EXERCISE GOAL: Every line from the start of the entries up to and including the one bearing "Rattan Black Woven" must be printed verbatim, without the pictures.

EXERCISE MATERIALS:
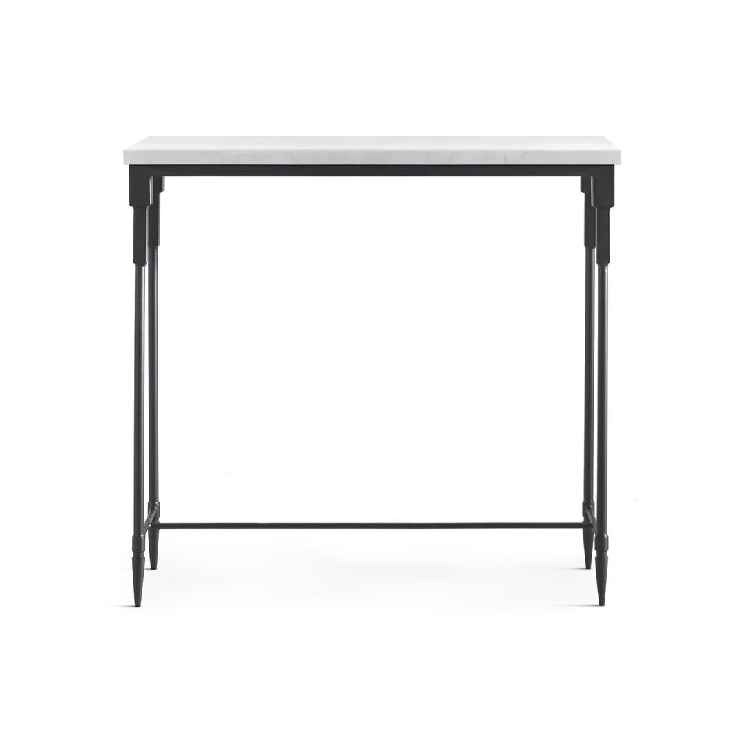 A classic black and white combination with transitional style, the Bourges console table features a honed white marble slab top with an iron base in satin black. Because of the natural characteristics of marble, each piece will have unique veining patterns.
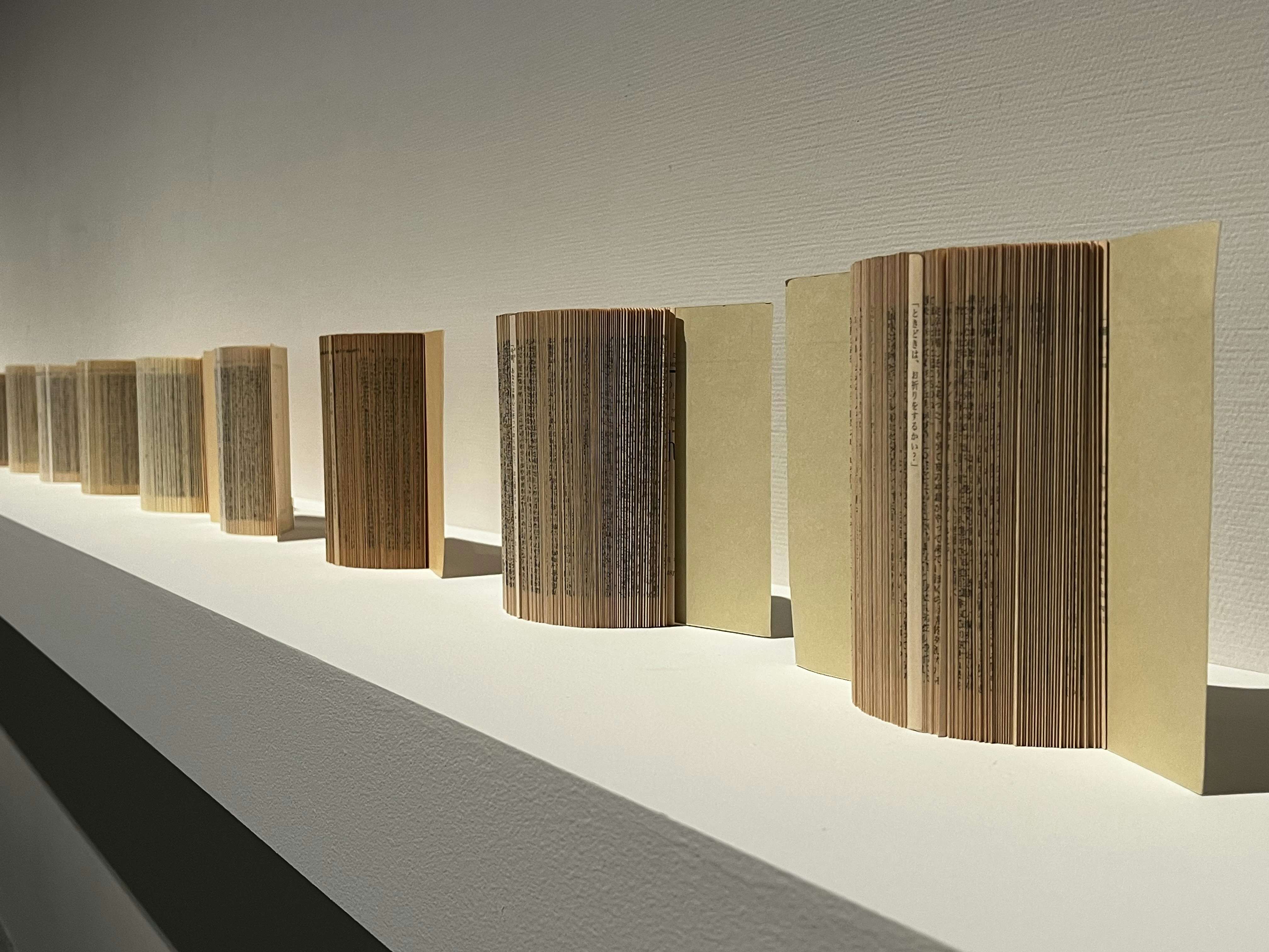 この《漂着物/波打ち際》と対をなすように配置されているのが、福田が愛読する文庫本のページを折り込んで制作された《翼あるもの/岬》(2003-25)だ。折り重なるページから立ち現れる言葉は、物語からの解体であると同時に、隣りあう本と呼応して新たな物語を紡ぎ出しているようにも見える。
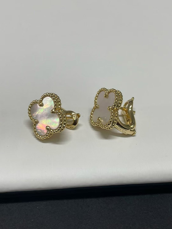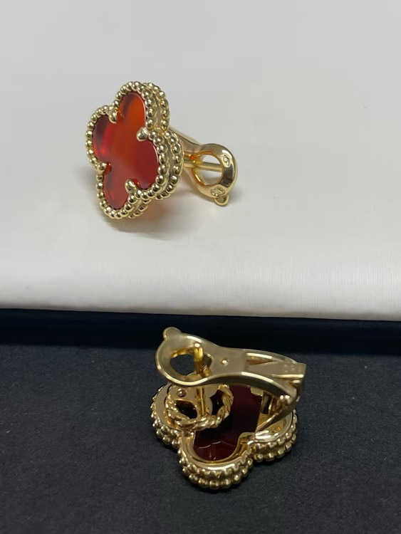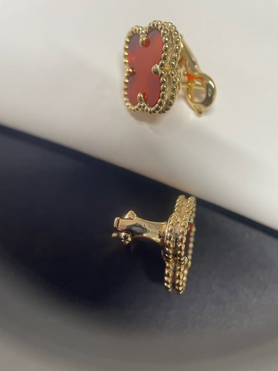 Van Cleef & Arpels Red and White Four-Leaf Clover Earrings-3700
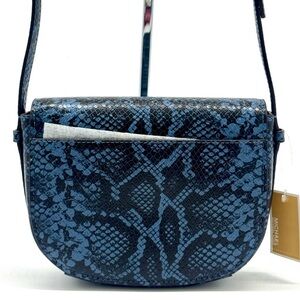 Michael Kors Small Reed Leather Saddle Crossbody Bag Denim Multi
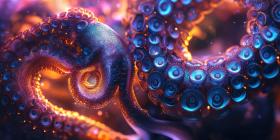 Chromatic Cephalopod: A mesmerizing octopus, bathed in a kaleidoscope of colors, mesmerizes with its iridescent skin and intelligent gaze.
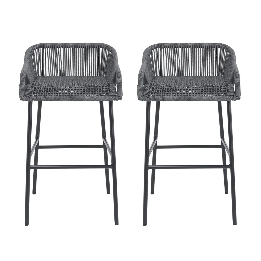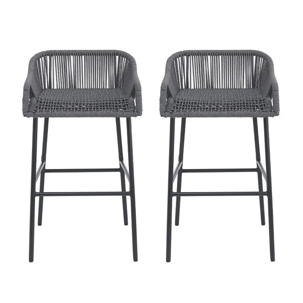 Rattan Black Woven + Black Metal 26" Counter Height Stool With Back Set Of 2
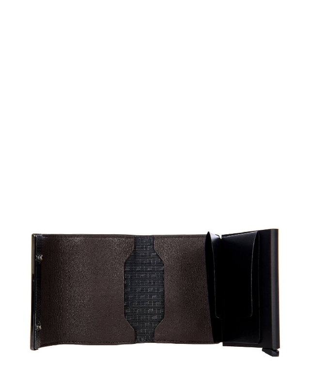 Exklusiver Porsche Design X Secrid Kartenhalter. Kartenhalter aus Metall mit Pop-up-Funktion und Lederhülle mit Banknotenfach und Platz für sechs Kreditkarten.
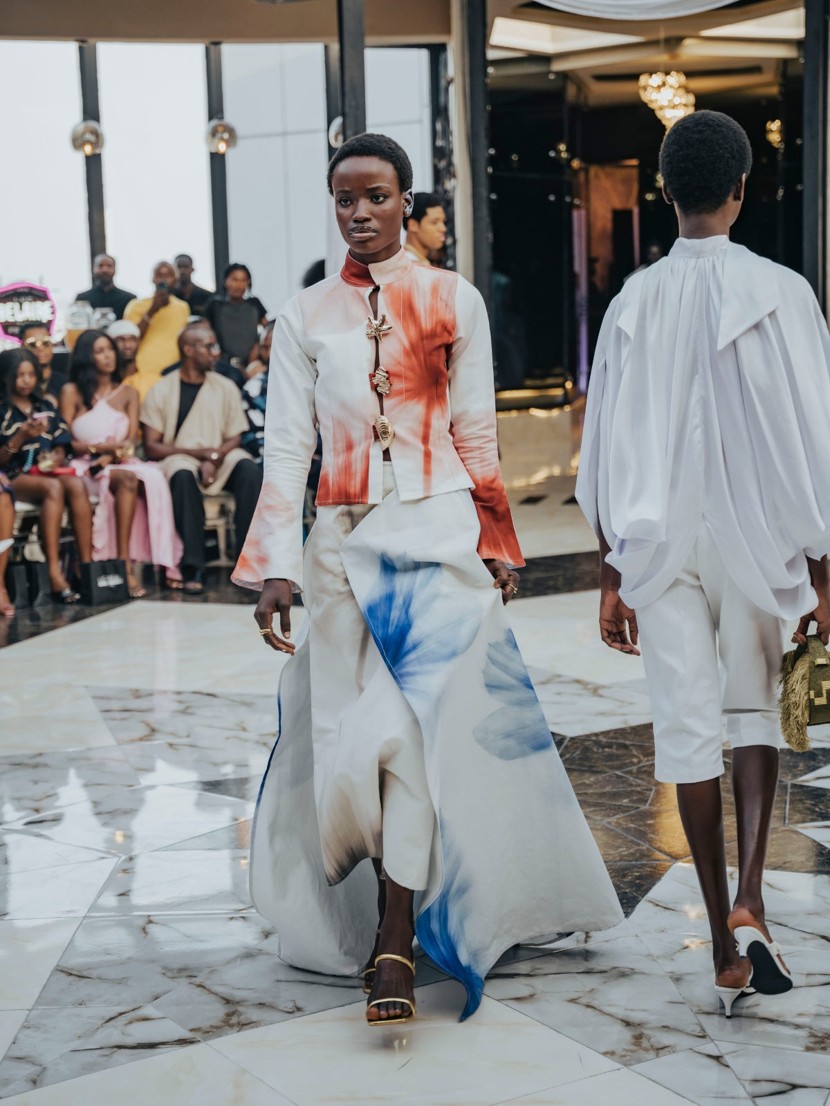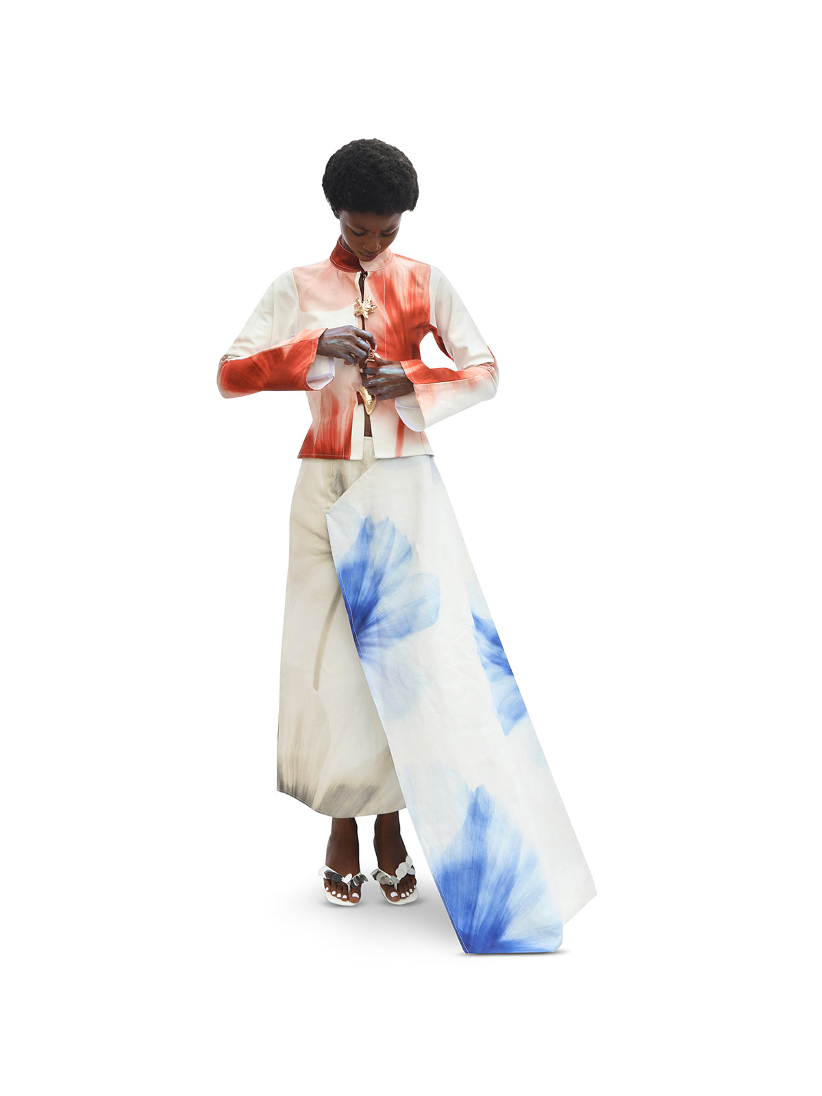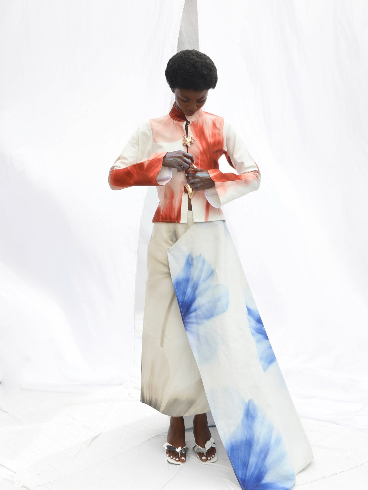 Launched in 2011, Lagos-based men’s and womenswear label Orange Culture creates silhouettes with unexpected twists and employs artisanal techniques, native to the Yoruba community, into his textiles. A former LVMH Prize and Woolmark Prize semi-finalist, his daring and gender non-conforming approach to design has built him a global cult following.

THE ANSWER:
 A classic black and white combination with transitional style, the Bourges console table features a honed white marble slab top with an iron base in satin black. Because of the natural characteristics of marble, each piece will have unique veining patterns.
 この《漂着物/波打ち際》と対をなすように配置されているのが、福田が愛読する文庫本のページを折り込んで制作された《翼あるもの/岬》(2003-25)だ。折り重なるページから立ち現れる言葉は、物語からの解体であると同時に、隣りあう本と呼応して新たな物語を紡ぎ出しているようにも見える。
 Van Cleef & Arpels Red and White Four-Leaf Clover Earrings-3700
 Michael Kors Small Reed Leather Saddle Crossbody Bag Denim Multi
 Chromatic Cephalopod: A mesmerizing octopus, bathed in a kaleidoscope of colors, mesmerizes with its iridescent skin and intelligent gaze.
 Rattan Black Woven + Black Metal 26" Counter Height Stool With Back Set Of 2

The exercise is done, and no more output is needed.